• Your objective: Working through the data below, reproduce word for word the line with "official page mo's" and every line after it, both ends included, and omit the pictures.

• Recorded data:
○ ○ ○ ○ ○ ○ ○
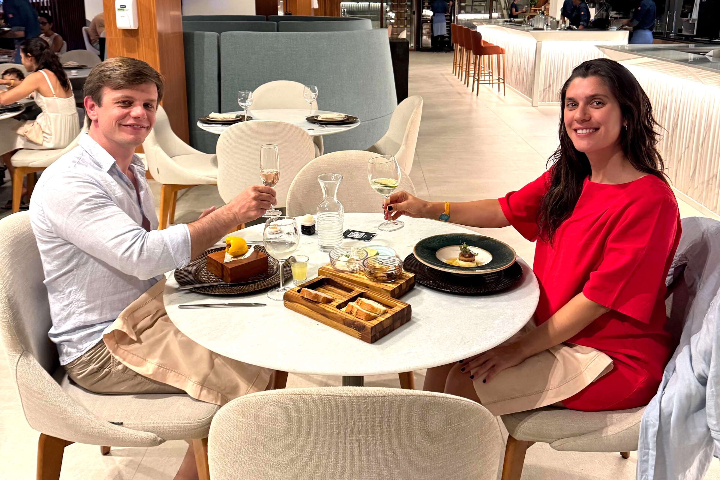 E, olha, o que já era muito bom (leia sobre a nossa estadia no Salinas Maragogi) ficou ainda melhor. No café da manhã no bufê principal, o Restaurante Tabôa, por exemplo, sempre havia uma ampla variedade de queijos e embutidos, favo de mel, geleias, pães de todos os tipos e uma estação dedicada aos sucos, onde a bebida é feita na hora, com as frutas (além de cenoura, beterraba e outros ingredientes) que o hóspede quiser. Em algumas refeições, mirando no público fitness do resort, um funcionário preparava pratões de salada, com diversas folhas, legumes, conservas e proteínas à disposição. Sem falar nos preparos especiais, que variavam todos os dias: sushis, sashimis e temakis expostos lindamente, camarões grelhados gigantes, risotos saborosos e muitas opções de delícias da culinária árabe.
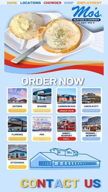 official page mo's restaurants serving seafood and chowder with locations in astoria, cannon beach, florence, lincoln city, newport, otter rock, pdx and seaside
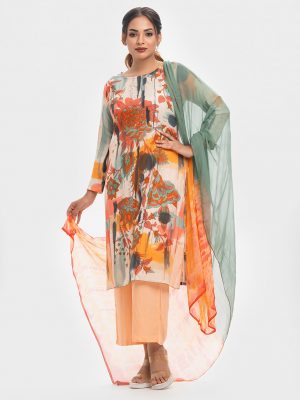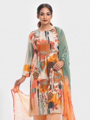 Multi-color Cotton Straight Salwar Kameez
○ ○ ○ ○ ○ ○ ○
• Task response:
 official page mo's restaurants serving seafood and chowder with locations in astoria, cannon beach, florence, lincoln city, newport, otter rock, pdx and seaside
 Multi-color Cotton Straight Salwar Kameez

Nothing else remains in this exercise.